Cerebral arteriovenous malformations (AVMs) represent a rare pathology in the general population[1], with an incidence of approximately 1:100,000[2]. These malformations can be associated with a noteworthy morbidity, even mortality due to the potential occurrence of massive intracranial bleeding[3,4]. The risk of bleeding is variable, between 0.9% to as high as 35%[4], depending on several factors described as independent predictors for hemorrhage: increasing age, initial hemorrhagic AVM presentation, deep brain location, and exclusive deep venous drainage[5,6]. In the case of a hemorrhagic event consensus can be easily reached to promote the earliest possible treatment of the vascular nidus, thus reducing the subsequent risk of new bleeding. Classical treatment options might include microsurgical resection[7], endovascular approach[8,9] or stereotactic radiosurgery[10-12]. These treatment modalities can be performed stand-alone or combined, depending on the AVM architecture and the post-therapeutic evolution.

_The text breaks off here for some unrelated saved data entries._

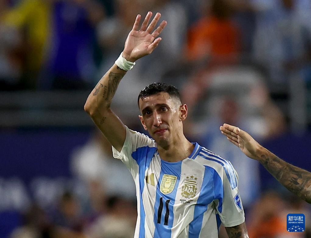 7月14日,阿根廷队球员迪马利亚被替换下场后向球迷挥手致意。新华社/路透
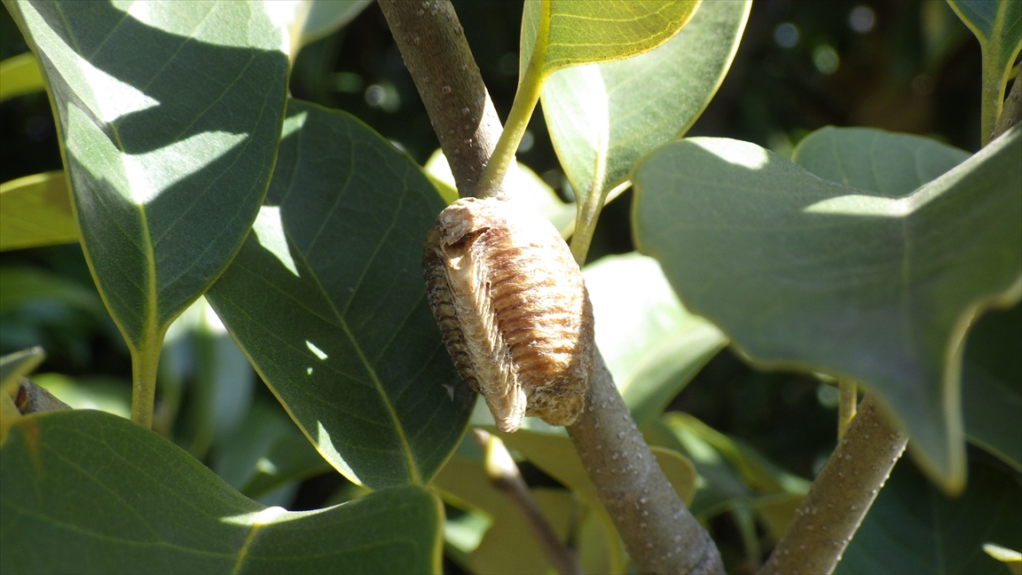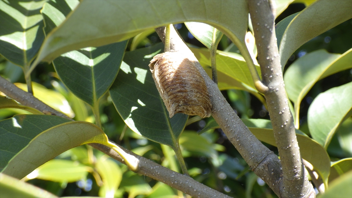 これは【ハラビロカマキリの卵鞘】です。オオカマキリのものとは異なり、卵鞘の下がツンとでるのが特徴です。
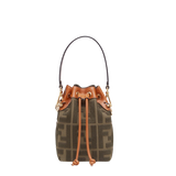 Small Mon Tresor bucket bag with drawstring fastening and metal decorations in the Fendi logo shape.
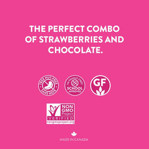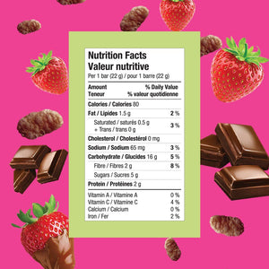 Brown rice, Tapioca fibre, Chicory root fibre, Semi-sweet chocolate chips (sugar, chocolate mass, cocoa butter), Sunflower oil, Vegetable Glycerin, Cocoa powder, Strawberry, Rice syrup, Salt, Fruit and vegetable blend (apple, onion, broccoli, kale, cranberry, raspberry), Agar, Natural flavour, Chickpea.
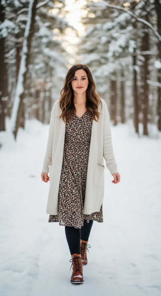 Layer a cozy cream longline cardigan over a patterned midi dress with opaque tights. Pair with lace-up boots for a timeless Hokkaido aesthetic.

In the particular case of an unruptured AVM with no previous history of bleeding, the optimal patient management remains a matter of debate. The publication of the ARUBA trial represented a turning point, generating a paradigm shift in the multidisciplinary management of such particular cases[13]. Mohr et al. reported that medical management alone is superior to medical management with interventional therapy, including surgery / embolization / radiosurgery, for the prevention of death or stroke in patients with unruptured brain arteriovenous malformations[13]. However, the conclusions of this study are questioned by limiting factors such as a short follow-up and a disproportionate number of patients treated with surgery and embolization. In more recent studies, some authors advocate for an interventional treatment of unruptured AVM, arguing their results with radiosurgery or microsurgery are superior to conservative management in terms of reducing the risk of stroke and death[14,15]. Balancing the risk of hemorrhage, a European consensus promoted the treatment of unruptured brain AVM Spetzler-Martin grades 1 and 2[16], in a multidisciplinary and multimodal approach[17]. Identifying the optimal patient profile for treatment even in the case of an unruptured AVM remains so a major challenge.

The primary objective of the current study was to report the obliteration rate of unruptured AVMs treated by Leksell Gamma Knife radiosurgery (GKRS) in our university center before the ARUBA trial publication. The secondary objectives were the hemorrhage rate, the modified Rankin Scale (mRS), morbidity and epilepsy control at last follow-up.

Results

Basic demographic data

The median age was 40 years (IQR 28; 51). The male/female ratio was of 0.85. Most patients presented with epilepsy [80 (46%)] or headaches [42 (24%)]. Thirty-six (21%) patients were incidentally diagnosed. A comprehensive list of initial symptoms can be found in Table 1.

Table 1

Basic demographic data.

Variables	Values
Population
Age (years), (median, IQR)	40 (28; 51)
Sex
Male	79 (46)
Female	93 (54)
M/F ratio	0.85
Initial symptom(s)
Epilepsy	80 (46)
Headaches	42 (24)
Incidental	36 (21)
Neurological deficit	10 (6)
Vertigo, dizziness	4 (2)
Paresthesia	3 (2)
Follow-up (year) (median, IQR)	8.8 (6.8; 11.3)
AVM characteristics
Location
Lobar
Frontal	55 (32)
Insular	4 (2)
Temporal	44 (26)
Parietal	18 (10)
Occipital	23 (14)
Posterior fossa	8 (5)
Deap seated	20 (12)
Eloquent area	111 (65)
Pollock Flickinger score (median, IQR)	1.087 (0.82; 1.31)
Virginia score (median, IQR)	1 (1; 2)
0	33 (19)
1	70 (41)
2	47 (27)
3	22 (13)
Spetzler-Martin grade (median, IQR)	2 (1; 2)
1	48 (28)
2	84 (49)
3	38 (22)
4	2 (1)
5	0 (0)

Values are presented as frequency (percentage) unless otherwise indicated.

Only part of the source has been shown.